Jesse

Posted on May 27 • Edited on May 29

How I Cut My LLM API Costs by 90%: A Battle-Tested Token Optimization Guide

Last Updated: May 2026

Audience: Backend engineers, ML engineers, and product developers building LLM-powered applications

Introduction

If you're building production LLM applications, you've probably watched your token costs spiral out of control faster than expected. A moderately successful chatbot can easily burn through $10,000/month, and a high-traffic API integration can hit six figures.

This guide covers battle-tested strategies for reducing token consumption without sacrificing output quality. These techniques are based on industry best practices and can be applied to any LLM provider.

What you'll learn:

How to reduce input tokens by 60-90% with prompt caching
When to use batch processing for 50% cost savings
How to choose the right model for each task
Architecture patterns that scale token efficiency

1. Understanding the Cost Structure

Before optimizing, you need to understand where your money goes.

Current Pricing (May 2026)

International Providers:

Provider	Model	Input (per MTok)	Output (per MTok)	Context Window
Anthropic	Claude Opus 4.7	$5.00	$25.00	1M tokens
Anthropic	Claude Sonnet 4.6	$3.00	$15.00	1M tokens
Anthropic	Claude Haiku 4.5	$1.00	$5.00	200K tokens
OpenAI	GPT-4o	$2.50	$10.00	128K tokens
OpenAI	GPT-4o-mini	$0.15	$0.60	128K tokens
Google	Gemini 1.5 Pro	$3.50	$10.50	2M tokens

Chinese Providers:

Provider	Model	Input (per MTok)	Output (per MTok)	Context Window
DeepSeek	DeepSeek V4 Pro	$0.14	$0.28	128K tokens
DeepSeek	DeepSeek V4 Flash	$0.07	$0.14	128K tokens
Zhipu AI	GLM 5.1	$0.14	$0.28	128K tokens
Zhipu AI	GLM 5V Turbo	$0.14	$0.28	128K tokens

Key insight: Output tokens are typically 3-5x more expensive than input tokens. Optimizing output length often has the highest ROI.

Cost Formula

Total Cost = (Input Tokens × Input Price) + (Output Tokens × Output Price)

For a typical chatbot conversation (2000 input tokens, 500 output tokens) using DeepSeek V4 Pro:

Input cost: 0.002 × $0.14 = $0.00028
Output cost: 0.0005 × $0.28 = $0.00014
Total: $0.00042 per conversation

At 10,000 conversations/day, that's $4.20/day or ~$126/month.

Cost comparison: The same conversation using Claude Sonnet 4.6 would cost $0.0135—32x more expensive than DeepSeek V4 Pro.

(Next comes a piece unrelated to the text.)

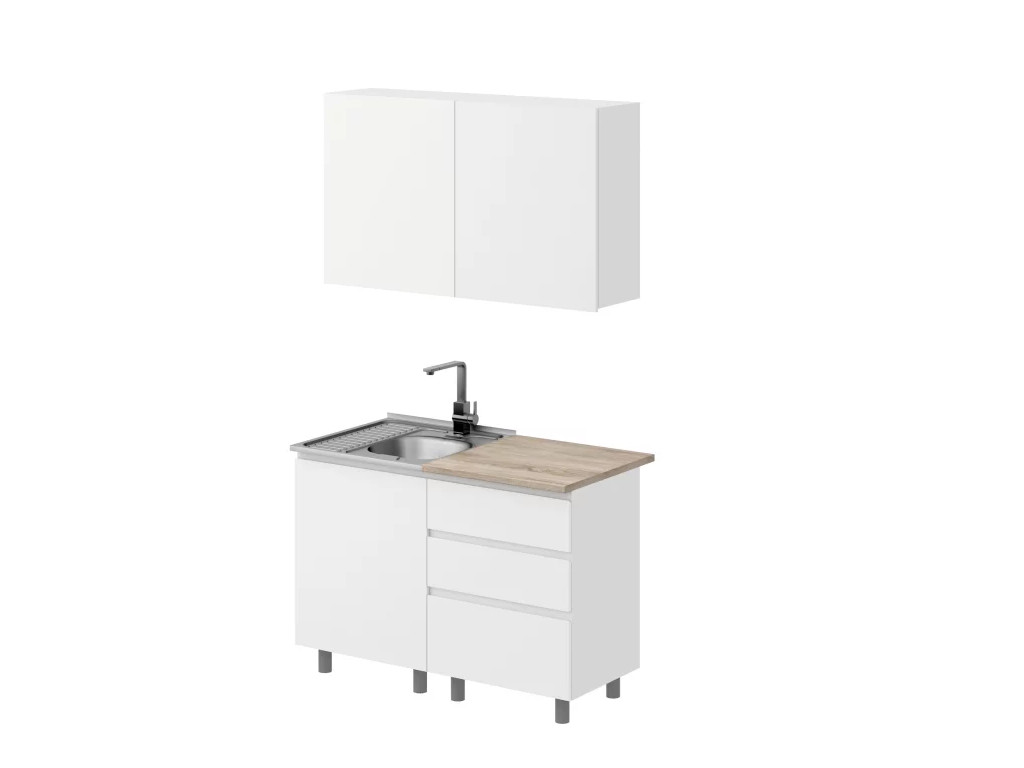 - Нижний модуль под мойку (60х82х47 см): компактный и вместительный, идеально подходит для размещения сантехники и хранения моющих средств.

2. Prompt Caching: The Highest-Impact Optimization

Prompt caching is the single most effective cost reduction technique available today. Both Anthropic and OpenAI now support it natively.

How It Works

When you send a request with prompt caching enabled, the provider caches the prefix of your prompt. Subsequent requests with the same prefix reuse the cached version, dramatically reducing both cost and latency.

Anthropic Prompt Caching

Anthropic's implementation offers 90% savings on cached input tokens:

Operation	Price (Claude Sonnet 4.6)
Base input	$3.00 / MTok
Cache write (5min TTL)	$3.75 / MTok (1.25x)
Cache write (1h TTL)	$6.00 / MTok (2x)
Cache read	$0.30 / MTok (0.1x)

Implementation:

import anthropic

client = anthropic.Anthropic()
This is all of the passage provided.